De même que les cellules ganglionnaires, les neurones P et M possèdent des
propriétés différentes. La principale propriété différentielle est celle de la sensibilité différente
au contraste de couleur. Les neurones P du CGLd répondent de manière opposée à la
stimulation des cônes par une lumière bleue ou par une lumière jaune ou bien par un couple
de lumière rouge ou verte. Ils sont donc sensibles aux changements de couleurs (rouge/vert et
bleu/jaune) et peu aux changements de luminance des couleurs. En revanche, les neurones M
répondent faiblement aux changements de couleur, mais sont très sensibles aux contrastes de
luminance entre la partie sombre et la partie brillante du stimulus. Dès l’étage du CGLd se
dessine une propriété fondamentale des neurones visuels : la vision du contour est suffisante à
la vision de l’objet.
Cortex visuel primaire
Le cortex visuel primaire est la zone corticale qui reçoit des afférences directes du CGLd. Il
s’agit chez l’humain de l’aire V1 ou aire 17 de Brodmann. Elle est située dans la partie
postérieure du cerveau (cortex occipital). Chez le chat en revanche, à la fois les aires 17 et 18
sont primaires car recevant des afférences directes du CGLd. L’aire V1 de chaque hémisphère
reçoit des informations du champ visuel controlatéral. Il existe cependant une double
projection de la zone du méridien vertical central. La rétinotopie est conservée avec une
amplification maculaire considérable, puisque la moitié de la surface de V1 correspond aux
projections en provenance de la fovéa. Le cortex primaire est épais de 2 mm chez l’humain.

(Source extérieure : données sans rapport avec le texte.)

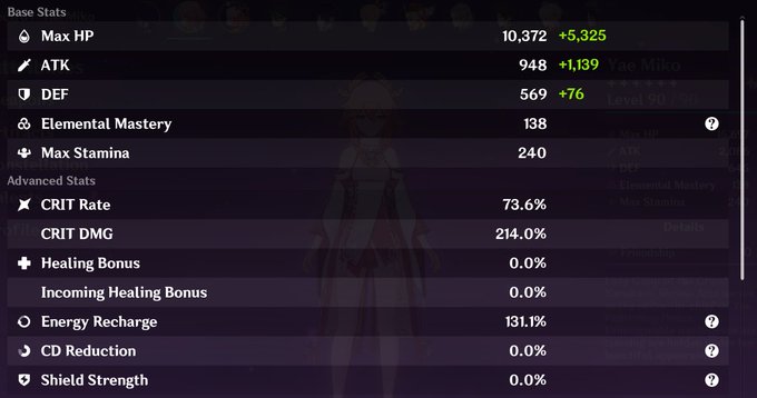 I feel like my Yae Miko is my first Genshin character that I feel good calling her build complete. I want to get her a better circlet, but otherwise she's set.

Les colorations histologiques (Nissl ou cytochrome oxydase) permettent de distinguer six
couches de neurones (substance grise) entre la surface et la substance blanche sous jacente
(composée des axones myélinisés). Les afférence du CGLd se projettent principalement dans
la couche IV qui se sous divise en 4 sous couches : IVA, IVB, IVCα sur laquelle se projette
les cellules M du CGLd et IVCβ sur laquelle se projette les cellules P du CGLd. Il existe des
connexions intracorticales multiples, horizontales et verticales et, de même qu’il reçoit des
afférences, le cortex strié émet de nombreuses efférences, vers les cortex secondaires,vers
l’autre hémisphère via le corps calleux, mais aussi vers le CGLd.